Some would argue that South Africa should tax the rich even more, or target government spending to the poor even better. In this way, the fiscal system would become even more progressive. These may be valid assertions, and further research is important to determine the consequences of such policies on outcomes such as growth, unemployment, poverty and economic efficiency.
Nevertheless, addressing the challenge of income inequality in a way that is consistent with fiscal sustainability will require higher quality – and more efficient – public services.
It will also require interventions to achieve more inclusive economic growth to address the need for employment and higher incomes at the lower end of the income distribution (see examples in the articles of Donaldson, Econ3x3, October–November 2014).
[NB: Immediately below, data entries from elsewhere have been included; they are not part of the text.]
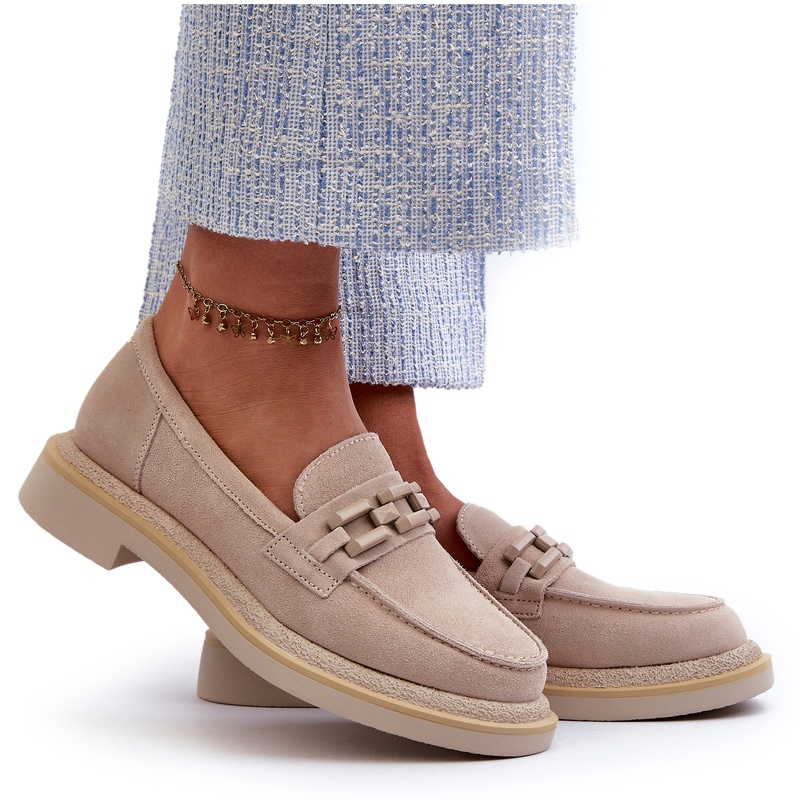 Dámské Moccasins S. Barski je elegantní volbou pro každou ženu, která si cení stylu a pohodlí. Tyto jedinečné boty ve světlé béžové barvě jsou vyrobeny z vysoce kvalitního přírodního semiše, díky čemuž jsou nejen příjemné na dotek, ale také velmi odolné. 3,5 cm plochý pata zajišťuje stabilitu, což z nich dělá ideální řešení každý den - dokonce i během dlouhých procházek.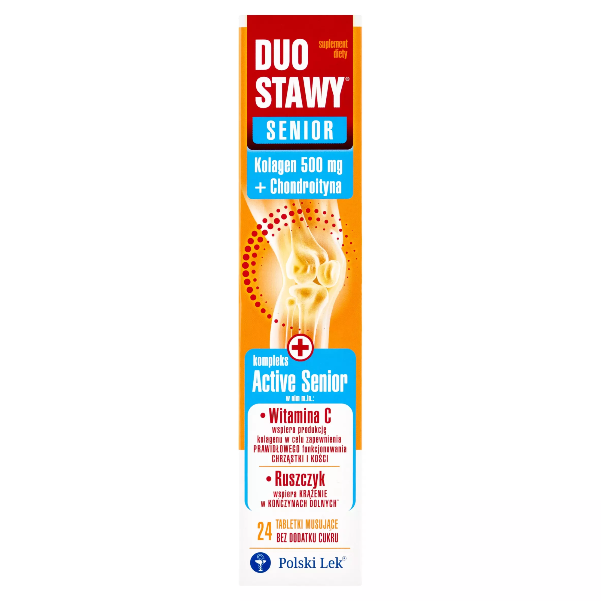 Duo Stawy Senior to suplement diety w postaci tabletek musujących o smaku cytrynowym, zawierający kolagen, chondroitynę oraz kompleks Active Senior z witaminą C, witaminą B6, tiaminą i ekstraktem z korzenia ruszczyka kolczastego. Preparat przeznaczony dla osób dorosłych, wspomaga zdrowie stawów oraz metabolizm energetyczny.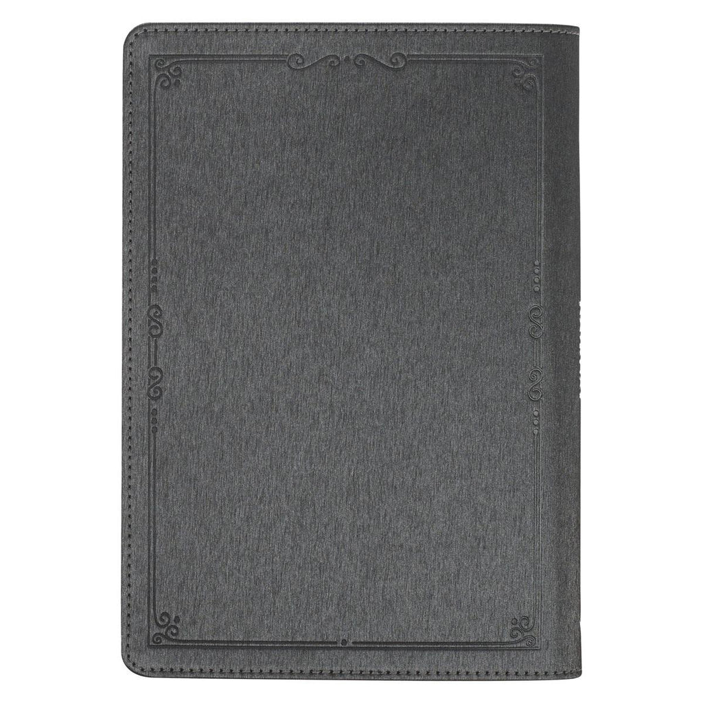 The back cover continues the same teal floral pattern, and a sturdy gold zipper with a matching gold metal zipper pull keeps your writing safe. A coordinating satin ribbon bookmark ensures you never lose your place. This journal includes 336 lined pages, each with a Scripture verse at the bottom and a presentation page inside the cover for noting a special occasion.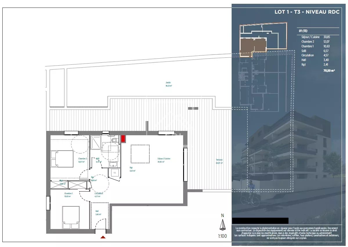 Très bel emplacement pour cet appartement de 3 pièces situé en rez-de-jardin d'un immeuble en cours de construction, à quelques minutes à pied seulement du port de plaisance et de la haute ville.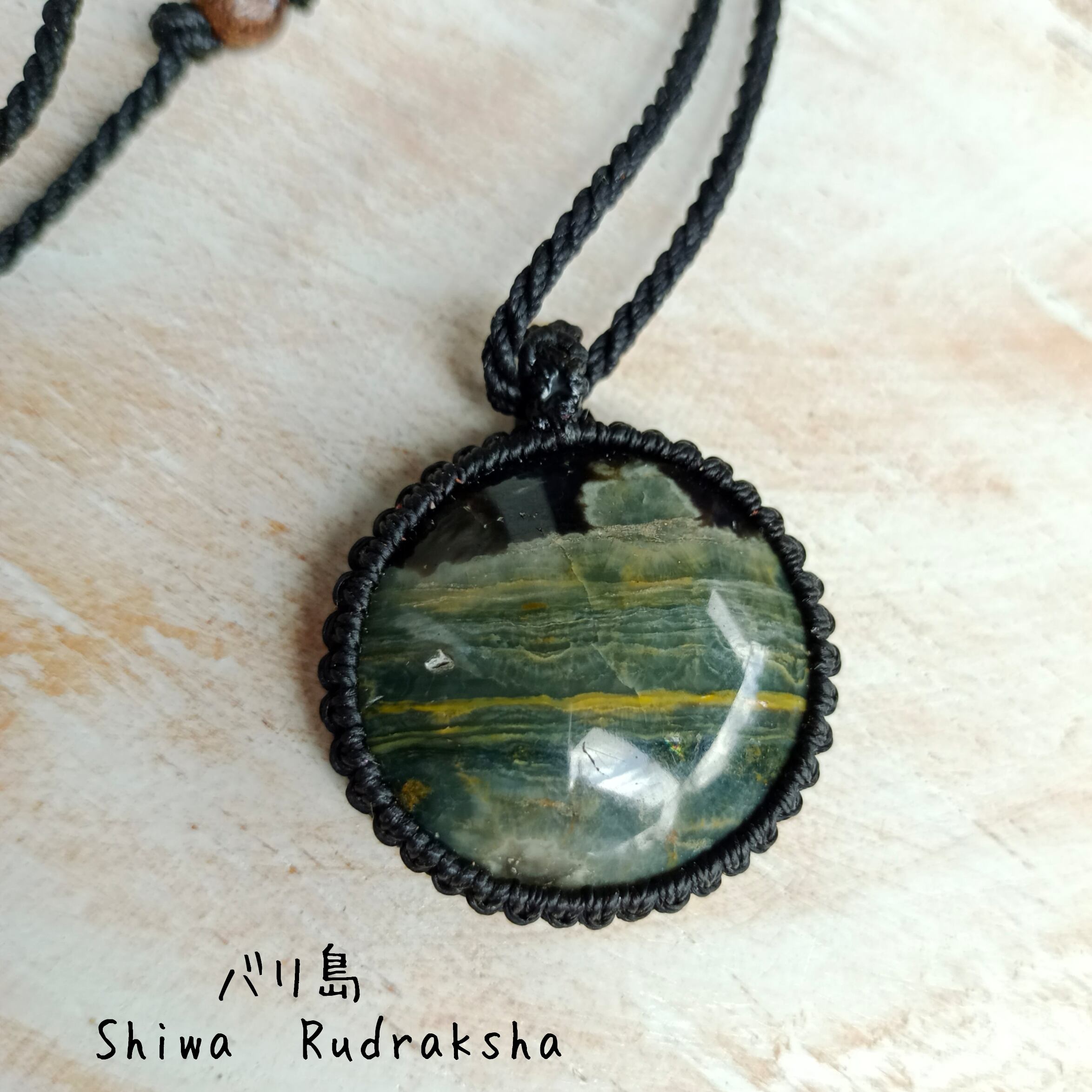 「オーシャンジャスパー」をマクラメ加工のペンダントトップにした紐ネックレスです。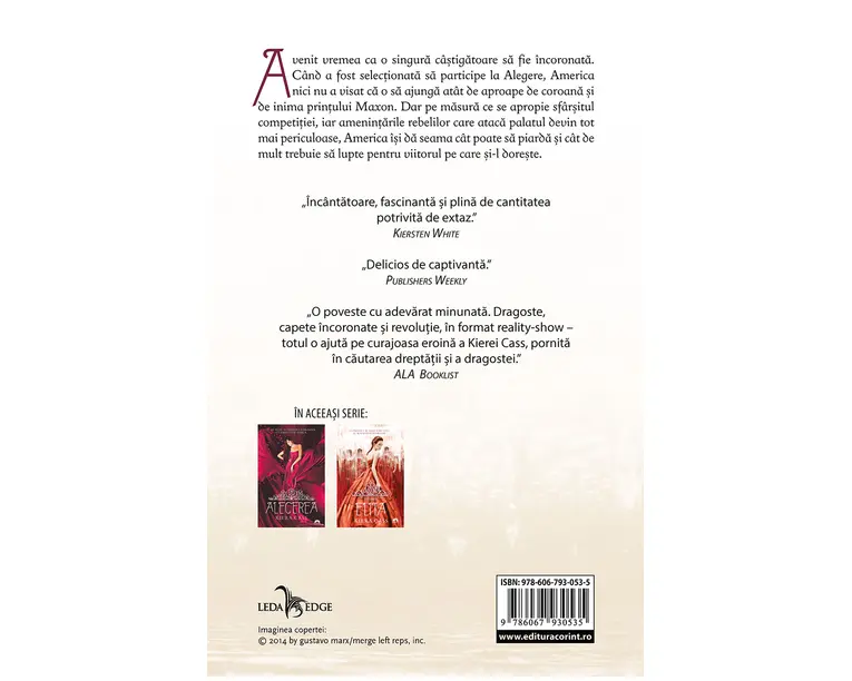 Colectia Leda Edge completeaza seria Alegerea de Kiera Cass cu un nou volum pe gustul segmentului young adult: Aleasa. A venit vremea ca o singura câstigatoare sa fie încoronata. Când a fost selectionata sa participe la Alegere, America nici nu a visat ca o sa ajunga atât de aproape de coroana si de inima printului Maxon. Dar pe masura ce se apropie sfârsitul competitiei, iar amenintarile rebelilor care ataca palatul devin tot mai periculoase, America îsi da seama cât poate sa piarda si cât de mult trebuie sa lupte pentru viitorul pe care si-l doreste. Produsul cu denumirea Aleasa (vol.3 din seria Alegerea) face parte din brandul Corint, se afla in categoria Carti de sanatate si subcategoria

Fundamentally it is essential to attain better outcomes in terms of the initial distribution of wages, salaries and capital income (market income). Fiscal redistribution alone is unlikely to achieve the desired reductions in inequality.
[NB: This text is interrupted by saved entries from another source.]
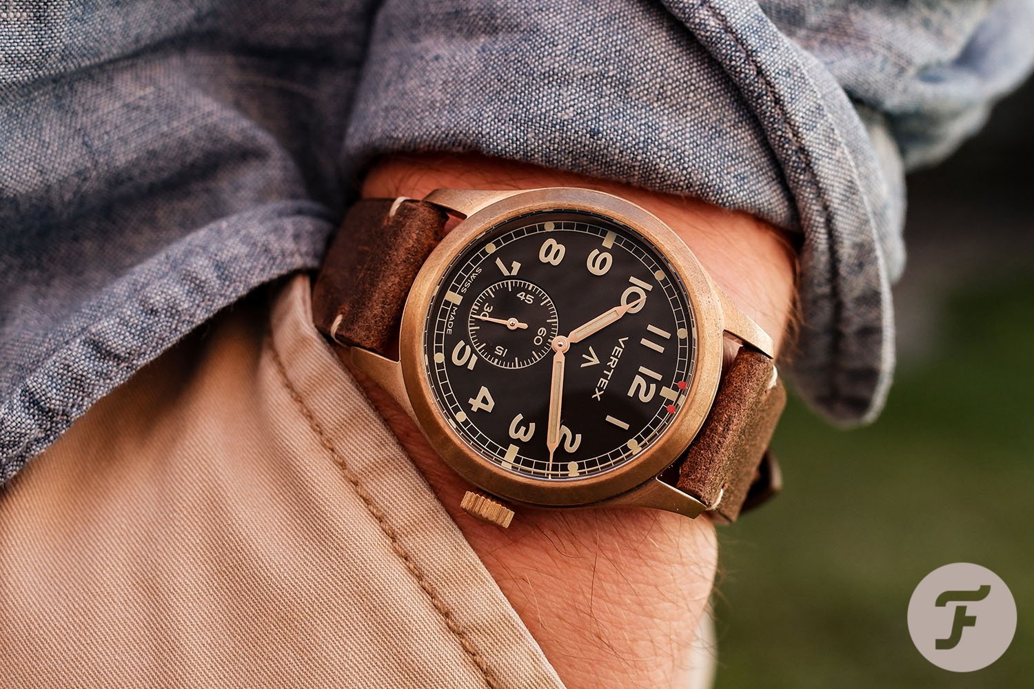 It’s hard to think about bronze watches and not have Vertex come to mind. The recently rebirthed brand was made famous in its past incarnation for having created one of the infamous “Dirty Dozen” watches. Brought to life once again in 2016 by the great-grandson of the brand’s founder, Vertex has embraced the old-school military aesthetic and brought it to life with a modern twist. The brand continues to go strong with a fantastic catalog of simple yet charming watches that boast some of the best lume out there. With markers carved of solid blocks of luminous material, it’s no surprise. Vertex made waves with its M100 field watch. At 40mm in diameter and just 11mm thick, it falls into a sweet spot in terms of size and slots into the same category of daily-wear appeal as the Hamilton Khaki Field.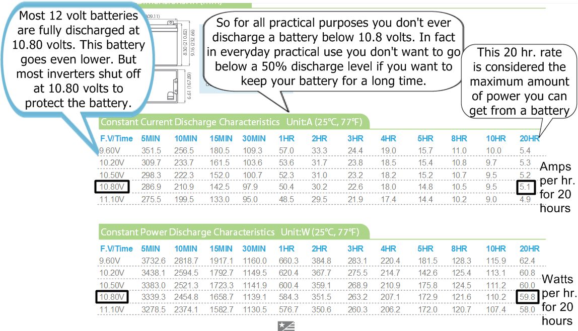 formula for that is P-out /.9 = P-in or Now we know we need 114.4 watts off our battery/s continuously to keep our fridge and laptop going. Now our inverter will keep drawing about 114 watts from the battery until the battery/s reache 10.8 volts. This is the voltage level most inverters are set to shut off at to keep from damaging the battery. It is also the most commonly used figure to indicate 100% discharge on a 12 volt battery system. In other words, when a lead acid battery, of any type reaches 10.8 volts, it is considered fully discharged. So inverter makers shut off their inverters at that level too. There are two ways we can now calculate how long our system will run with this load. Again our example is our 800 watt system being used for these calculations. Below is a chart of the battery we use in the 800 watt system. It has a 20 hr. rate of 5 amps. That means this battery can give you 5 amps for 20 full hours before 100 percent discharge. So we need to see what the amperage is for our power need of 114.4 watts from above calculations. Since a battery voltage changes as it discharges, I will use the "average" voltage of 12 volts for our battery. (12 volts is actually about 35% discharge level) Again the formula we need is I = P/E 114.4 / 12 = 9.53 amps as our current draw on a continuous basis. Now lets look at our battery chart and see how long it can supply that kind of current or amps.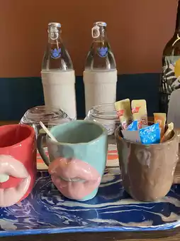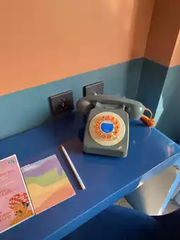 The inside of the room is also very cute with pop accessories like the phone and cups 🎀

Inchauste G, Lustig N, Maboshe M, Purfield C & Woolard I. 2015. The Distributional Impact of Fiscal Policy in South Africa. Policy Research Working Paper 7194. World Bank Group: Poverty Global Practice Group & Macroeconomics and Fiscal Management Global Practice Group.
Inchauste G, Lustig N, Maboshe M, Purfield C & Woolard I. 2014. South Africa Economic Update: Fiscal Policy and Redistribution in an Unequal Society. Presentation. World Bank Group, 6 November 2014. (Available on request from the authors.)
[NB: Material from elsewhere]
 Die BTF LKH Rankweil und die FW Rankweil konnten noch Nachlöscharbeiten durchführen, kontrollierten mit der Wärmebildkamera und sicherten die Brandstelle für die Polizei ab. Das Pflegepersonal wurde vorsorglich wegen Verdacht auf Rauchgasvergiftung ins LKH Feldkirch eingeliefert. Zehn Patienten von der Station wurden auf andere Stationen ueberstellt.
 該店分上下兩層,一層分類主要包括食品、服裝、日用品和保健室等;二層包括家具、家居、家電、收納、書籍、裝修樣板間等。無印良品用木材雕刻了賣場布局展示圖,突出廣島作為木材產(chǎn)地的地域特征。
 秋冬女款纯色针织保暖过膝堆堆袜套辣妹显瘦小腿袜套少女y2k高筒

Lustig N & Higgins S. 2013. Commitment to Equity Assessment (CEQ): Estimating the Incidence of Social Spending, Subsidies and Taxes – Handbook. CEQ Working Paper No. 1, Center for Inter-American Policy and Research and Department of Economics, Tulane University and Inter-American Dialogue.
National Treasury (2014). Budget Review 2014. Pretoria: National Treasury.
SEDLAC (Socioeconomic Database for Latin America and the Caribbean), CEDLAS at the Universidad de La Plata and World Bank. See http://sedlac.econo.unlp.edu.ar/eng/
Statistics South Africa (2014). Poverty Trends in South Africa: An Examination of Absolute Poverty between 2006 and 2011, Pretoria.
 The Gini coefficient compares the distribution of income in a population to a scenario where there is perfect equality. The measure falls between zero and one, where the former describes perfect equality and the latter is perfect inequality. South Africa’s Gini value is one of the highest in the world (StatsSA 2014:13).
 Other data sources are the 2008 National Income Dynamics Study (NIDS) and some administrative data.
 VAT revenue constitutes about a quarter of government’s total tax revenue, compared to about 3.5% for excise taxes and 5.2% for the fuel levy.
 For the scenario where free basic services are perfectly targeted to help the poor, progressivity is measured by dividing the total amount of the budget for basic services equally amongst the poor that actually receive municipal services and then comparing the distribution of allocations to market income. For the scenario where targeting is not possible, the budget allocation for free basic services is divided amongst the entire population that receive municipal services and the distribution of the transfer is then compared to market income.